DATASET RECORDS:
<<<<
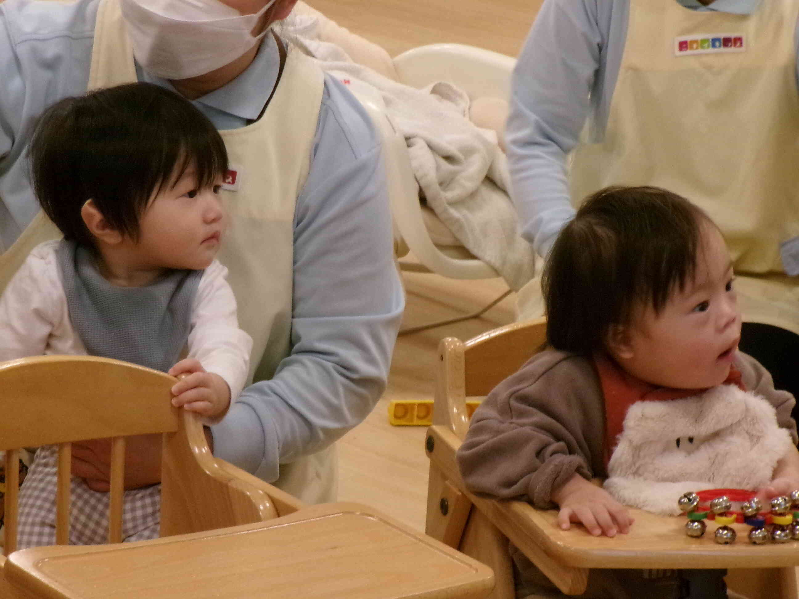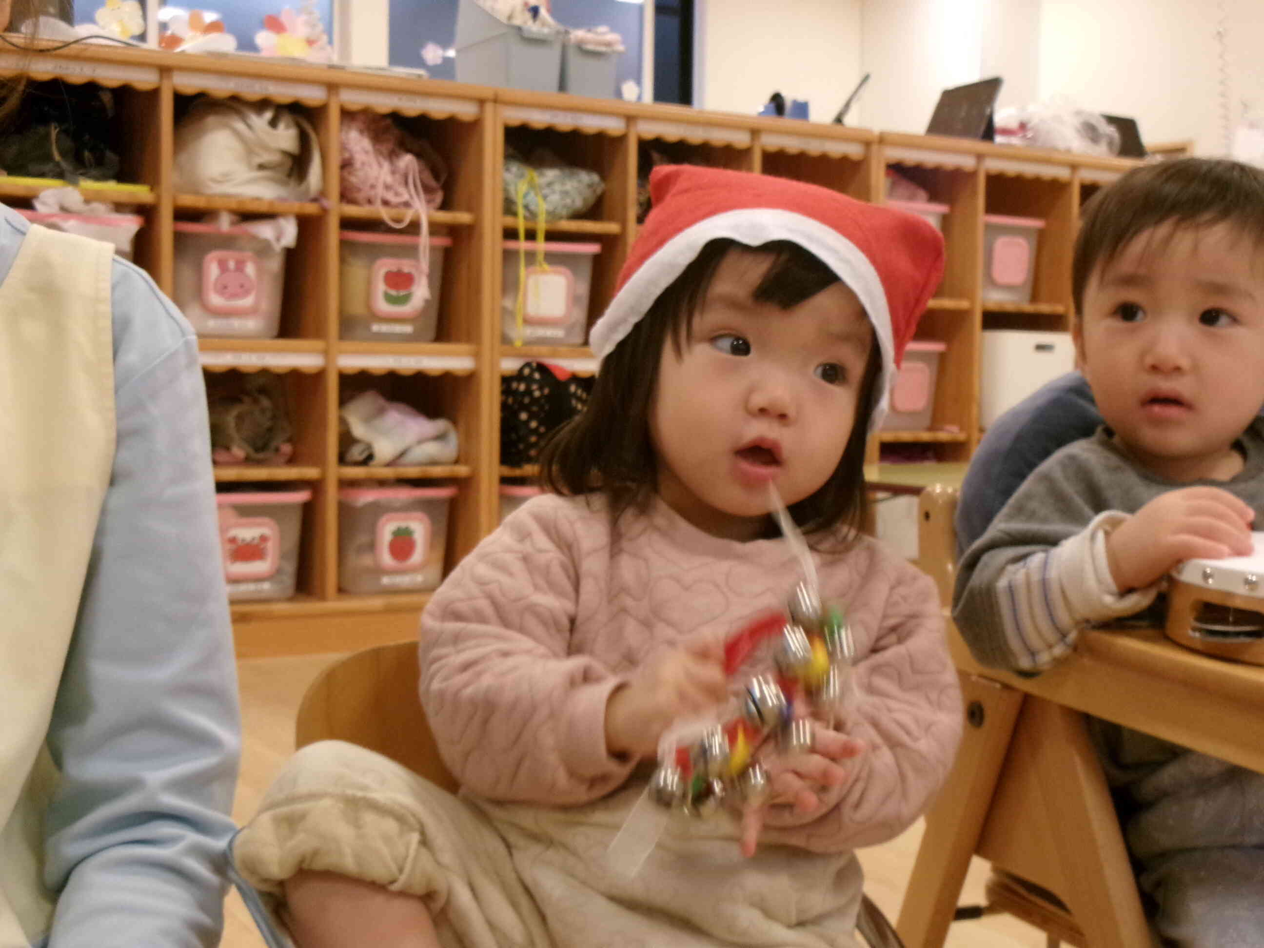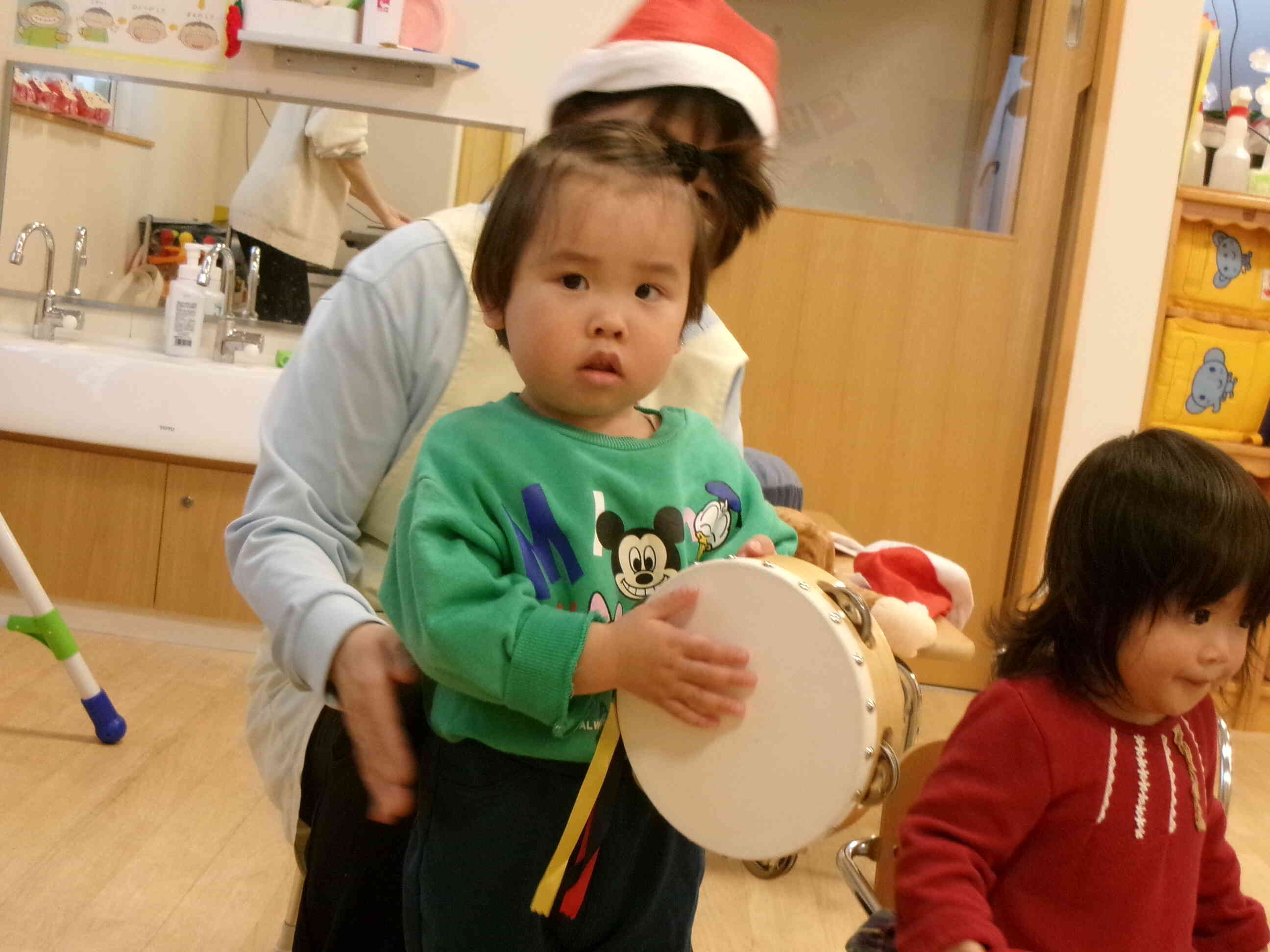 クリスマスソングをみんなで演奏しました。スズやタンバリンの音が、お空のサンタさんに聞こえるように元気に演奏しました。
>>>>
<<<<
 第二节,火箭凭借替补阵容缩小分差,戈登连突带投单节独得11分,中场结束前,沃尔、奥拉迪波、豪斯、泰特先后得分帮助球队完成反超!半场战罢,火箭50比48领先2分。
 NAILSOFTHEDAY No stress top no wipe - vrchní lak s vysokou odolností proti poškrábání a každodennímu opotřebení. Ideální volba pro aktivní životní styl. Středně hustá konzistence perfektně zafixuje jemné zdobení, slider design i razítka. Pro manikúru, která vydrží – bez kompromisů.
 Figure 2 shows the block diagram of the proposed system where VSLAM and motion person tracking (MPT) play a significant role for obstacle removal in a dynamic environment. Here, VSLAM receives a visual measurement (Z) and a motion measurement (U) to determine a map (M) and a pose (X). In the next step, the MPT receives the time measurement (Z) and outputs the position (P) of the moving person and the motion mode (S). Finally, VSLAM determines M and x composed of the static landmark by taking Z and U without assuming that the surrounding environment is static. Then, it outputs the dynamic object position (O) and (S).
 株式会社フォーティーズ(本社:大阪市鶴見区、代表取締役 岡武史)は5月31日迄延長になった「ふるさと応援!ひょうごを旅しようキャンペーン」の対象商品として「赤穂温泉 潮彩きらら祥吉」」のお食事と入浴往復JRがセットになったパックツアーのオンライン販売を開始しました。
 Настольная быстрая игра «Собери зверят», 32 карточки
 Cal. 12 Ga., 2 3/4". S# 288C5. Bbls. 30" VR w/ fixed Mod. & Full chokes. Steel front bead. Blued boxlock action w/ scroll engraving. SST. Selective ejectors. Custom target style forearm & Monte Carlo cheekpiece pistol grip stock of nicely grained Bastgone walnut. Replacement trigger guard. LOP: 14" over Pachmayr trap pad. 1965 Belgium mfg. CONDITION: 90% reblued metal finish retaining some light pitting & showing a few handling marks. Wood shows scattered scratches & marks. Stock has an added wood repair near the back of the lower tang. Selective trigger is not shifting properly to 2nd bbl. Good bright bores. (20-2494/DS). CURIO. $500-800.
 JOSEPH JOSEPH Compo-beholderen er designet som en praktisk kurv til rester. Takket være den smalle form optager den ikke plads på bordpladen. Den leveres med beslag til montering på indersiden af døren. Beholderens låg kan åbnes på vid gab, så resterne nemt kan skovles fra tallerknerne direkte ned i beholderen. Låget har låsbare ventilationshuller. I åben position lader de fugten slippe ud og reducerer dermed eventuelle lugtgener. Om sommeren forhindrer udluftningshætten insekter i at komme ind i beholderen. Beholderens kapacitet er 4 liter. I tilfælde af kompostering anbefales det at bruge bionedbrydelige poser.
>>>>
<<<<
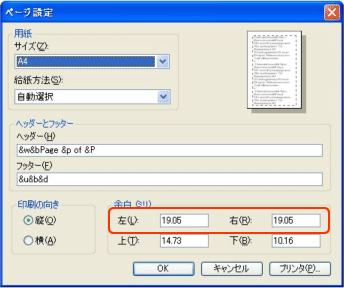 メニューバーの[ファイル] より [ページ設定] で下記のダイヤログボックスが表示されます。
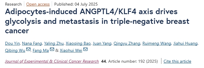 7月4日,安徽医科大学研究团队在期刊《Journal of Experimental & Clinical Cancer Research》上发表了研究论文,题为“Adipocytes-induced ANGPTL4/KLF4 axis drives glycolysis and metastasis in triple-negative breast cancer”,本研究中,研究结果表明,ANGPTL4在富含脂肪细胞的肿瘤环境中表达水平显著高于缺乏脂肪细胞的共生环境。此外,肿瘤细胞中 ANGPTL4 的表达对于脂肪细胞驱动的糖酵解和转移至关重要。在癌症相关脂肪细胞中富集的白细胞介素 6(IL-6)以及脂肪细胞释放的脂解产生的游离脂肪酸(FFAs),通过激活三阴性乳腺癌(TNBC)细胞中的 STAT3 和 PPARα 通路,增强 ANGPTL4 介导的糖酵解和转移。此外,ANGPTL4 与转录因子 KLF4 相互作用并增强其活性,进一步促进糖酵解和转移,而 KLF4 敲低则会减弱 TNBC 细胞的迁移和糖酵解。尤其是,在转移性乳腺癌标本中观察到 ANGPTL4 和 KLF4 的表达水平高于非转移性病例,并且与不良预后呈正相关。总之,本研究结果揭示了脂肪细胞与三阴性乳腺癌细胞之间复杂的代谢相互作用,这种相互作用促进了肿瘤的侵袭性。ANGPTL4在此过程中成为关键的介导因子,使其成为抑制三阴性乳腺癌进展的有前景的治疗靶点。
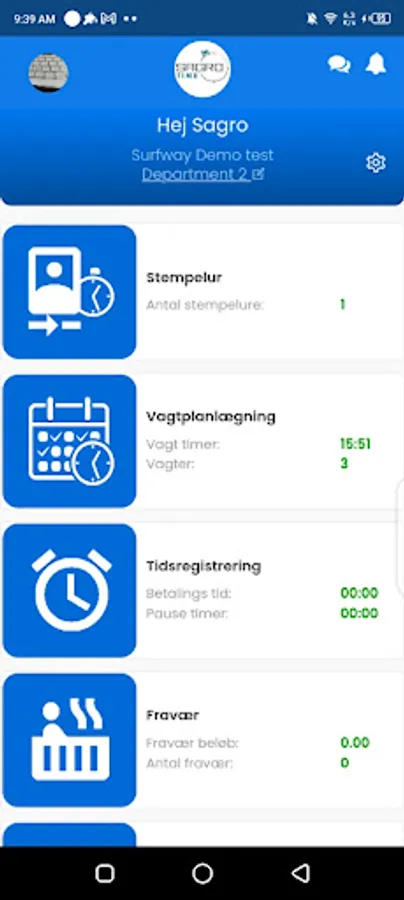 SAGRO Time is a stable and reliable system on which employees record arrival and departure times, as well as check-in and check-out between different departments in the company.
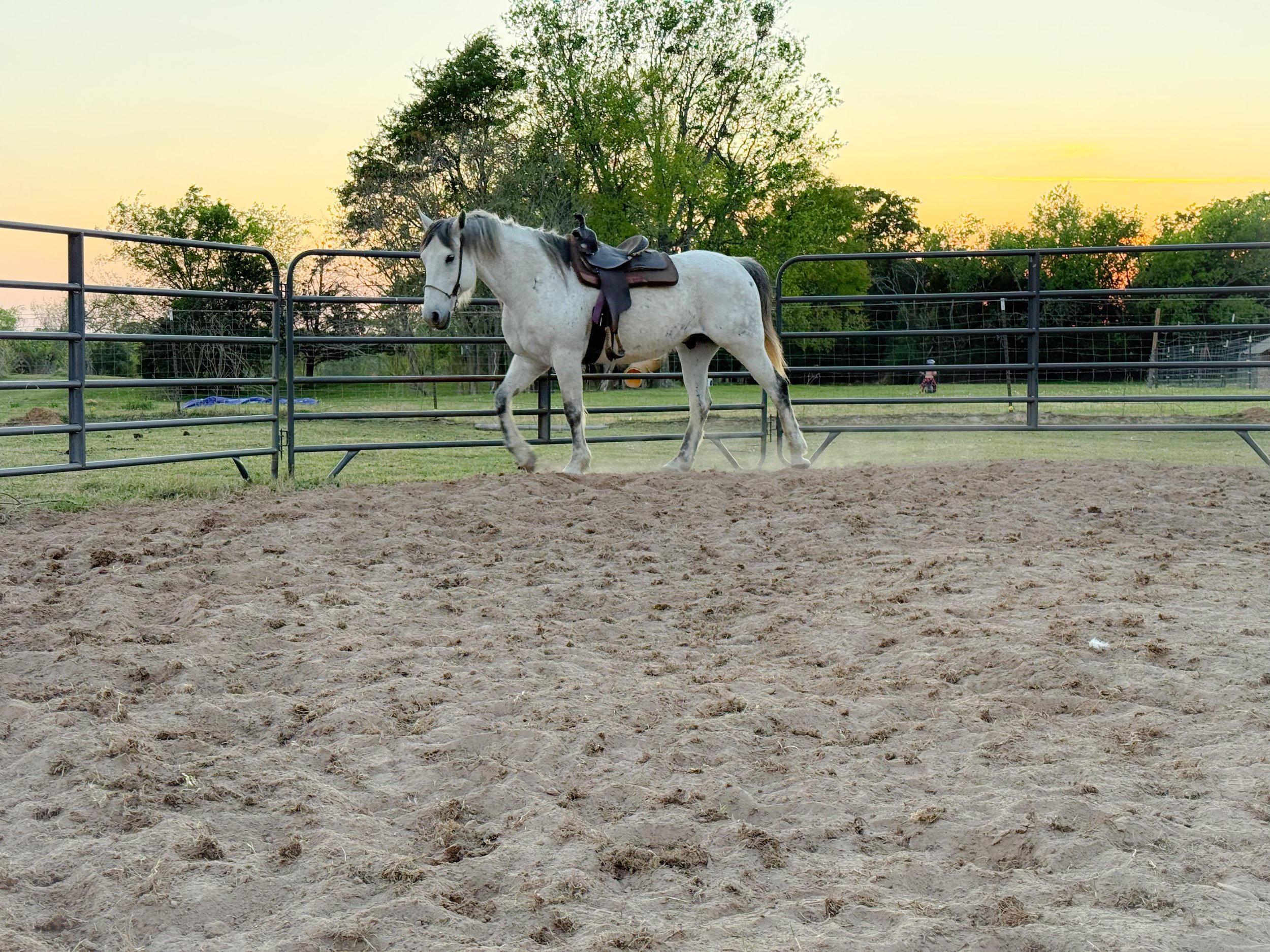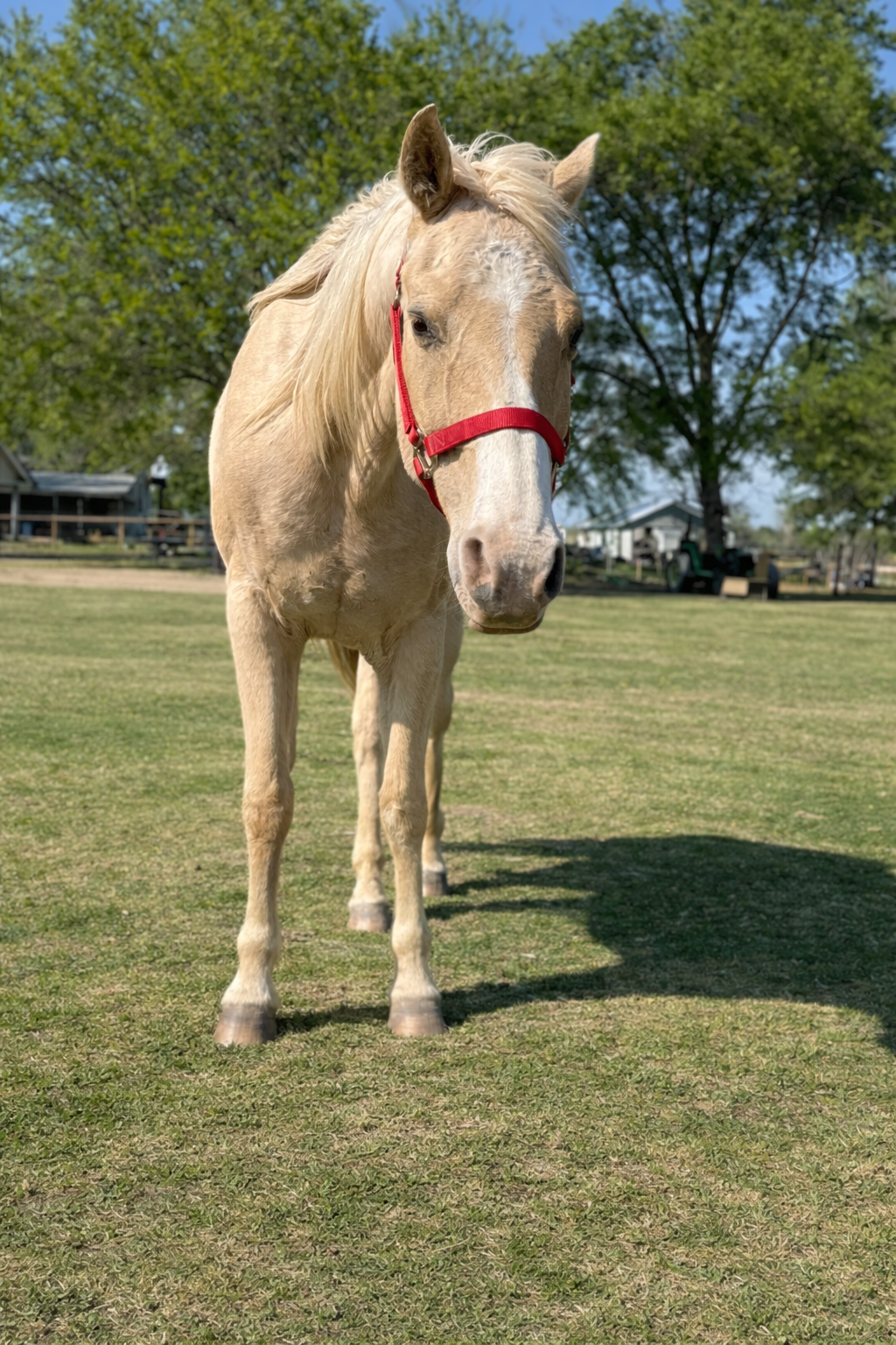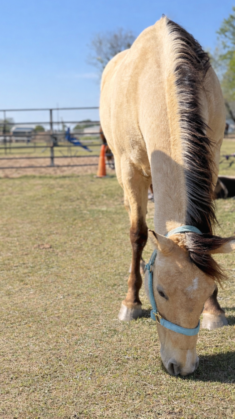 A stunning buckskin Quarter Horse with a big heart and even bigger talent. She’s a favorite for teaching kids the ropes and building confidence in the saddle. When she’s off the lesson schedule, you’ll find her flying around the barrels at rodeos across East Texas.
>>>>
TASK TO CARRY OUT: The lines above starting at the one that holds "7月4日,安徽医科大学研究团队在期刊《Journal of Experimental" and ending at the one that holds "SAGRO Time is" are to be written out exactly, ends included, and no pictures are to be copied.

RESULT OF THIS TASK:
 7月4日,安徽医科大学研究团队在期刊《Journal of Experimental & Clinical Cancer Research》上发表了研究论文,题为“Adipocytes-induced ANGPTL4/KLF4 axis drives glycolysis and metastasis in triple-negative breast cancer”,本研究中,研究结果表明,ANGPTL4在富含脂肪细胞的肿瘤环境中表达水平显著高于缺乏脂肪细胞的共生环境。此外,肿瘤细胞中 ANGPTL4 的表达对于脂肪细胞驱动的糖酵解和转移至关重要。在癌症相关脂肪细胞中富集的白细胞介素 6(IL-6)以及脂肪细胞释放的脂解产生的游离脂肪酸(FFAs),通过激活三阴性乳腺癌(TNBC)细胞中的 STAT3 和 PPARα 通路,增强 ANGPTL4 介导的糖酵解和转移。此外,ANGPTL4 与转录因子 KLF4 相互作用并增强其活性,进一步促进糖酵解和转移,而 KLF4 敲低则会减弱 TNBC 细胞的迁移和糖酵解。尤其是,在转移性乳腺癌标本中观察到 ANGPTL4 和 KLF4 的表达水平高于非转移性病例,并且与不良预后呈正相关。总之,本研究结果揭示了脂肪细胞与三阴性乳腺癌细胞之间复杂的代谢相互作用,这种相互作用促进了肿瘤的侵袭性。ANGPTL4在此过程中成为关键的介导因子,使其成为抑制三阴性乳腺癌进展的有前景的治疗靶点。
 SAGRO Time is a stable and reliable system on which employees record arrival and departure times, as well as check-in and check-out between different departments in the company.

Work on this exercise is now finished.